[Exercise description] Exact copy, no pictures: return only the lines below from the line with "Двойное ожерелье BOAKO, цепочка" up to and including the line with "riciclabile potenzialmente all'infinito.".

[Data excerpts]
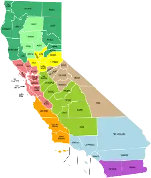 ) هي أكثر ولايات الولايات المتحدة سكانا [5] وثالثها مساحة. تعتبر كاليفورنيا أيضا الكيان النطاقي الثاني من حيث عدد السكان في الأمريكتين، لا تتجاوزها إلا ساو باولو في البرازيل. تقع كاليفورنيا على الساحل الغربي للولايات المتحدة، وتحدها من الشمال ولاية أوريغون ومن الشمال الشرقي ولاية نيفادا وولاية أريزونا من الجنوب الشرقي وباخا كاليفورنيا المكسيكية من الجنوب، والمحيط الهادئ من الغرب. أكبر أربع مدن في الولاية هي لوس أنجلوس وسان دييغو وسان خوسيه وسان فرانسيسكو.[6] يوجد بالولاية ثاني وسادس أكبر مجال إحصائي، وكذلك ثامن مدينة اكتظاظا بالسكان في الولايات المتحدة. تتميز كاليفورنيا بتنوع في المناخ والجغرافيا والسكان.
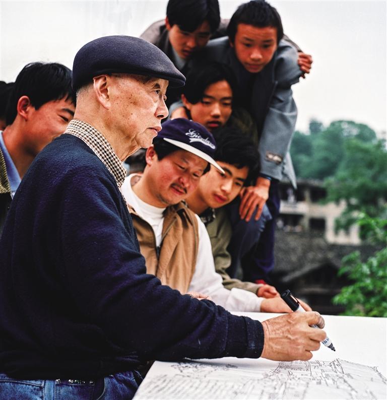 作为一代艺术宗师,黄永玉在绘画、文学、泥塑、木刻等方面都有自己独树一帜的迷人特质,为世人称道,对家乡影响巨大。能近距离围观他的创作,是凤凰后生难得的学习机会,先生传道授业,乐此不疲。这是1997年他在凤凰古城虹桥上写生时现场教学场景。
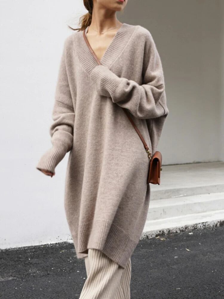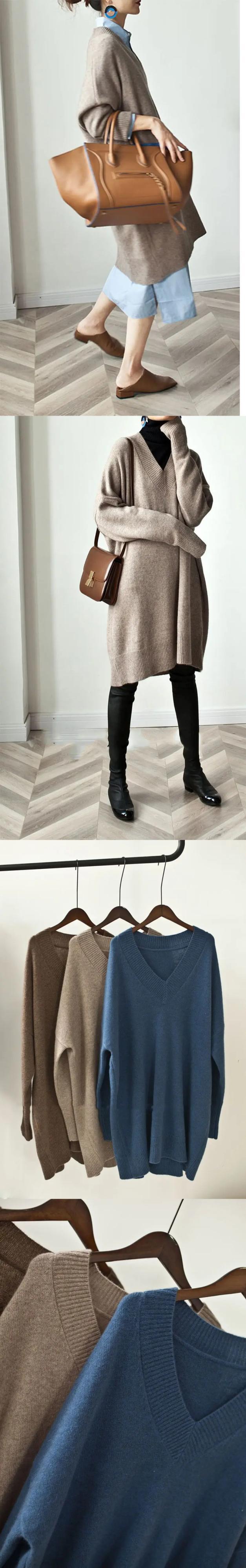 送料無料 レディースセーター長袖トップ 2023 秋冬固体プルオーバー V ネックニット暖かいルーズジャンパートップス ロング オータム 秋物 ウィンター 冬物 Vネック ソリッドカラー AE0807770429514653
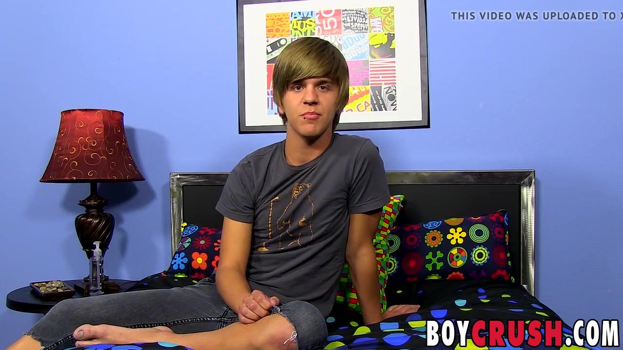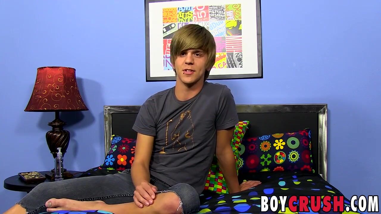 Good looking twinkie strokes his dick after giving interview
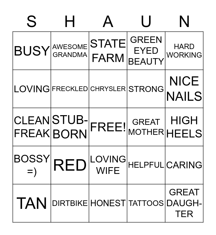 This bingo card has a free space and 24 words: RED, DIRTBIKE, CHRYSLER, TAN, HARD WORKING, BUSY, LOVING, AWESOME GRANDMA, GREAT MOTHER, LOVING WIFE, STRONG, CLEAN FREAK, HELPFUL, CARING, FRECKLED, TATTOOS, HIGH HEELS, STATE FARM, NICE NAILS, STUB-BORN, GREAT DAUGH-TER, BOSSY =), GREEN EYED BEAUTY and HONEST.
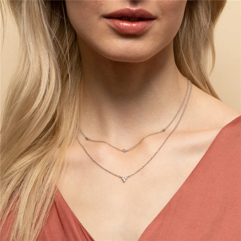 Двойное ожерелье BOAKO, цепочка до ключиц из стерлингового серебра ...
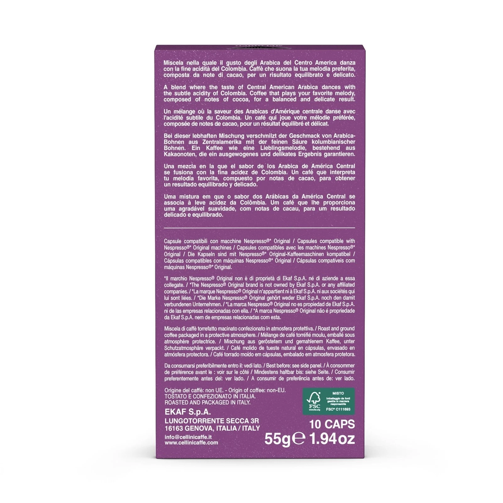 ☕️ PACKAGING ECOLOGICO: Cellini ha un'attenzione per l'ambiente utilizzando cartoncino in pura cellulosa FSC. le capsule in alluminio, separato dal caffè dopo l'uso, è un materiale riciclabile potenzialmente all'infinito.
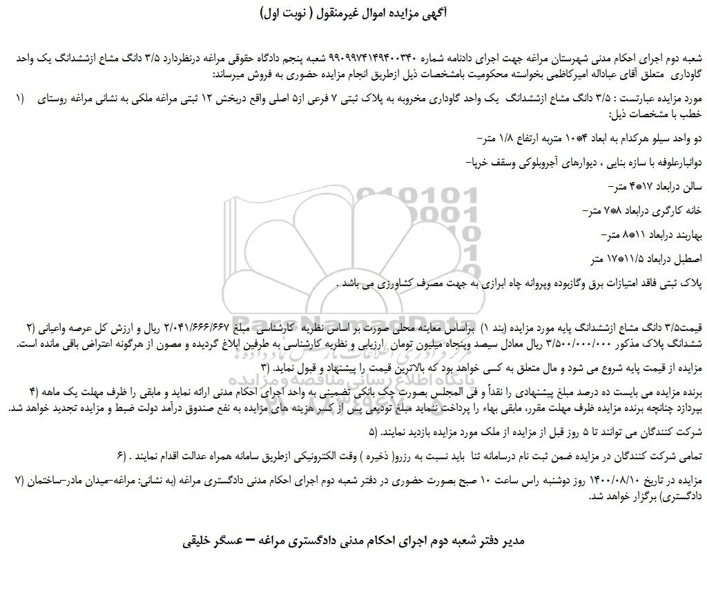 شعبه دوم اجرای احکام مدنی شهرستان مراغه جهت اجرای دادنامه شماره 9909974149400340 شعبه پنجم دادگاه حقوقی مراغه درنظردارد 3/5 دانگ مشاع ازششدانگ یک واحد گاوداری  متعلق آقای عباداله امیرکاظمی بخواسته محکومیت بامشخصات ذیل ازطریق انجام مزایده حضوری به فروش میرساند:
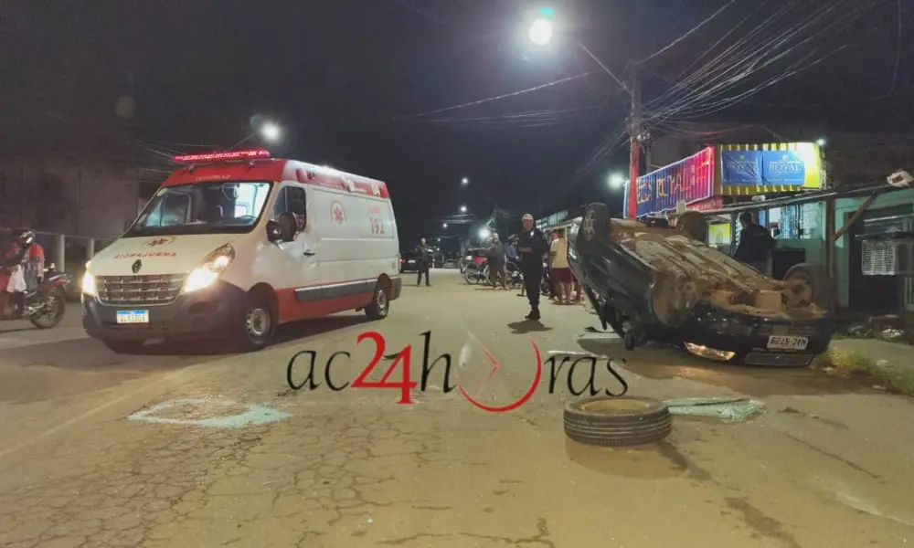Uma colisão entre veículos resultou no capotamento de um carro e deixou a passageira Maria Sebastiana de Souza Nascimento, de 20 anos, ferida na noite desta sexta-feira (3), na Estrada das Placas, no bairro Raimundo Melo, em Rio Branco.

[Written solution]
 Двойное ожерелье BOAKO, цепочка до ключиц из стерлингового серебра ...
 ☕️ PACKAGING ECOLOGICO: Cellini ha un'attenzione per l'ambiente utilizzando cartoncino in pura cellulosa FSC. le capsule in alluminio, separato dal caffè dopo l'uso, è un materiale riciclabile potenzialmente all'infinito.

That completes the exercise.